After a bench trial, appellant Herschel Shirley was found guilty of three counts of criminal contempt for violation of a civil protection order (“CPO”) sought by complainant Tashi Brown and issued by the Superior Court on December 10, 2008.1 On appeal, his argument is twofold: (1) the trial court erred in finding him in contempt of a civil protection order when Brown consented to his contacts (in light of their “ongoing romantic relationship”); and (2) the trial court did not have jurisdiction to find him in contempt because the government failed to show that “Brown reside[d], live[d], work[ed], or attend[ed] school in the District of Columbia” at the time of the violations and that the violations occurred in this jurisdiction. Unpersuaded by the arguments, we affirm the judgment of conviction.
I. Factual Background
The record shows that in December 2008, Tashi Brown filed a petition and affidavit for a CPO against appellant Shirley, then her boyfriend of a year. On December 10, 2008, Shirley signed a Consent CPO Without Admissions, which by its terms was effective for the ensuing twelve-month period. The CPO ordered Shirley not to “assault, threaten, harass, or stalk [Brown], or destroy [Brown's] property[,]” and to “stay at least 100 feet away from [Brown's] person, home, workplace, vehicle[,]” and prohibited Shirley from contacting Brown “in any manner, including but not limited to: by telephone, in writing, in any other manner; either directly or indirectly through a third party[.]” It also ordered Shirley not to “call [Brown's] workplace ․ email or text message [Brown].” The CPO further explicitly warned, in bold lettering, that “FAILURE TO COMPLY WITH THIS ORDER IS A CRIMINAL OFFENSE” and that “ONLY THE COURT CAN CHANGE THIS ORDER.”

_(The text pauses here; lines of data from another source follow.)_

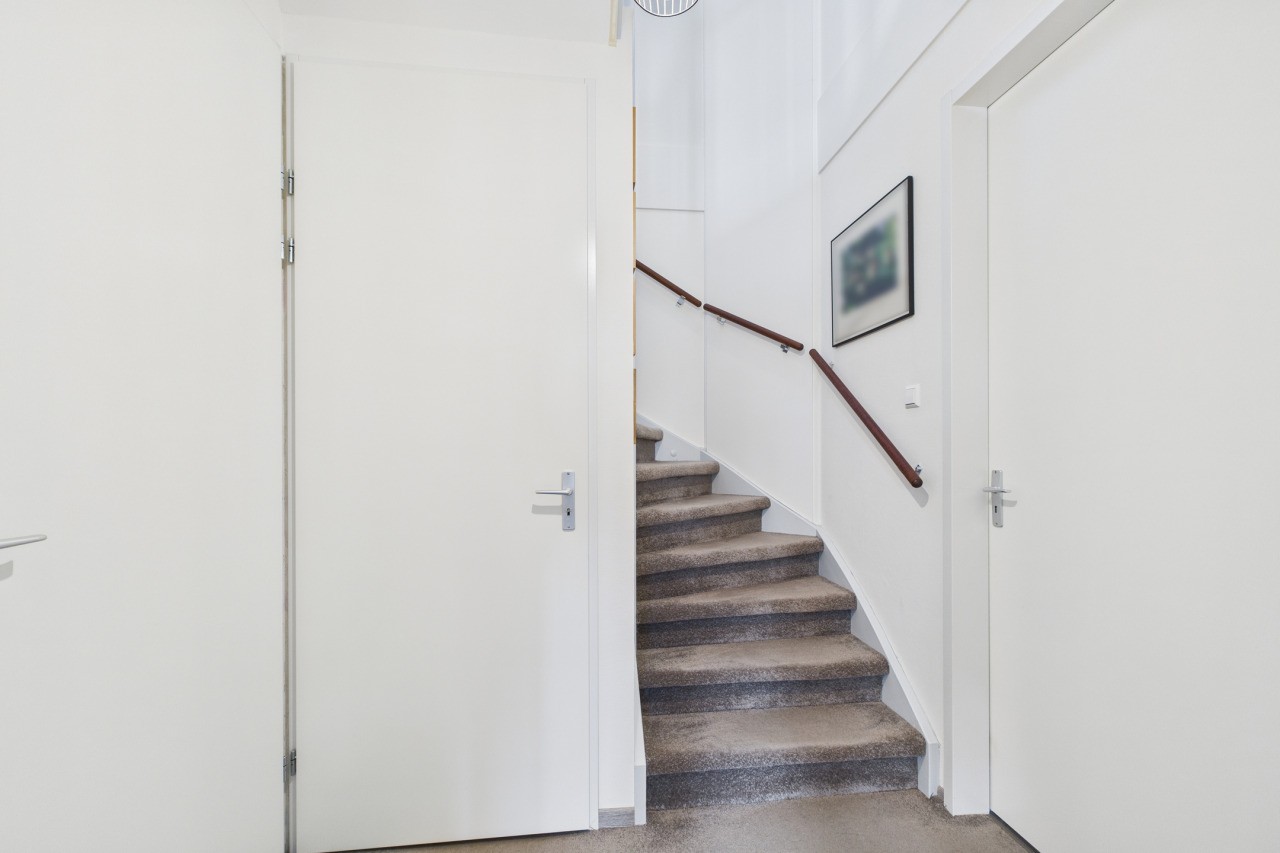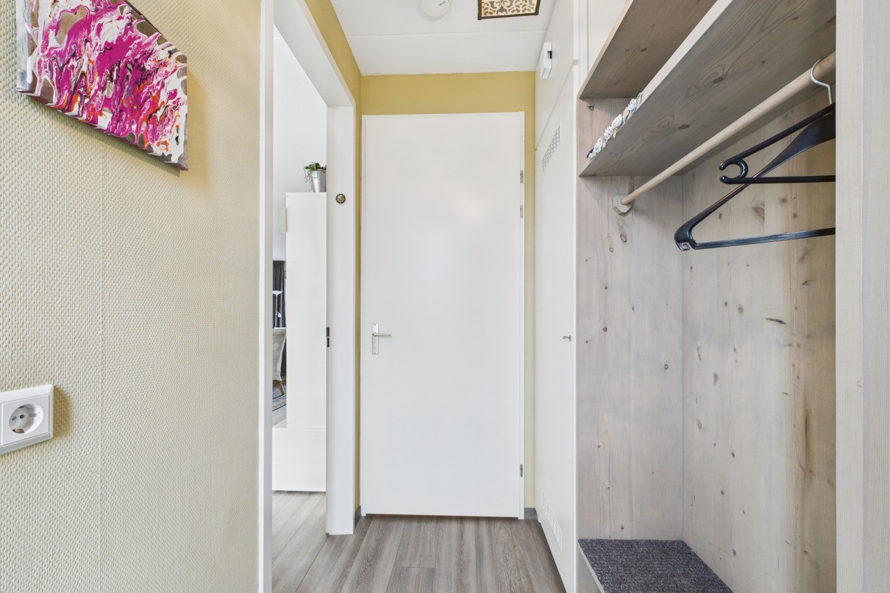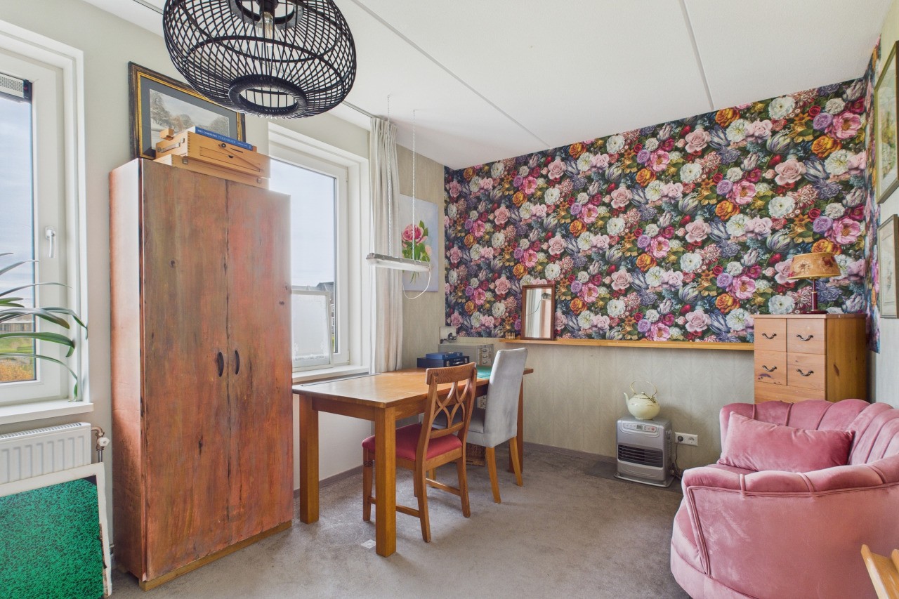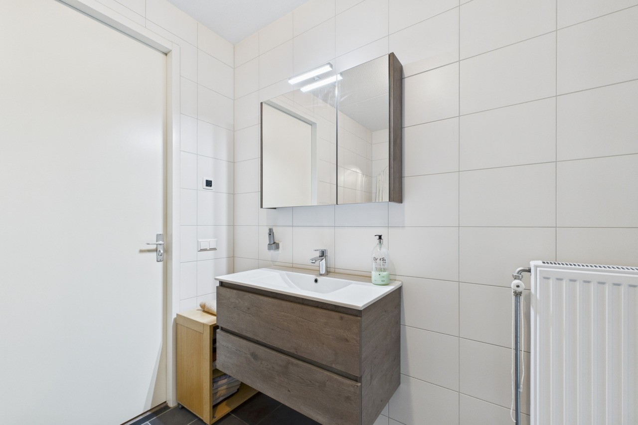 Aan de achterzijde van de woning bevindt zich het lichte en sfeervolle woongedeelte met aansluitend de serre, waar je via een schuifpui het balkon bereikt: een heerlijke plek om te genieten! Op de begane grond bevindt zich verder een royale slaapkamer en de moderne badkamer met inloopdouche, wastafelmeubel en toilet, wat gelijkvloers wonen bijzonder comfortabel maakt.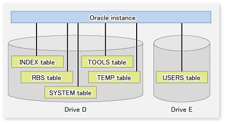 Figure B.1 Relationship Between Oracle Instance and Data Files in Drive Table Spaces (For This Sample Script)
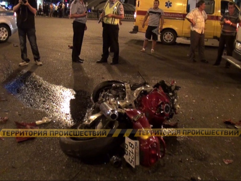 Мотоцикл на большой скорости врезался в автомобиль в Алматы, сообщает Auto.Lafa.

Brown testified at a hearing on August 18, 2009, that (notwithstanding the CPO that was in place) she and Shirley had been “in a [romantic] relationship together for about a year and a half” and that, although Brown had obtained two CPOs against Shirley (one in October 2008 and one in December 2008),2 the couple had continued to attempt to “work things out.” On April 3, 2009—while the December 2008 CPO remained in effect—appellant and Brown attended “couples counseling” and then agreed to “go out to lunch” the next day, April 4. On April 4, Shirley picked-up Brown in his truck and the couple went to lunch at a restaurant in the District, where they stayed for three to four hours. According to Brown, as they were leaving the restaurant's parking lot, the couple “got into an argument” and appellant told Brown to “get the F out of his truck.” Brown got out of the truck and “started walking away from the truck” when appellant said “he was sorry ․ he didn't want to argue, he just wanted to have a good day.” Brown got back into the truck, and the couple “ended up going to Anacostia Park ․ [to] talk[ ] about what just happened.” While they were there, according to Brown, “[t]hings just got heated all over again.”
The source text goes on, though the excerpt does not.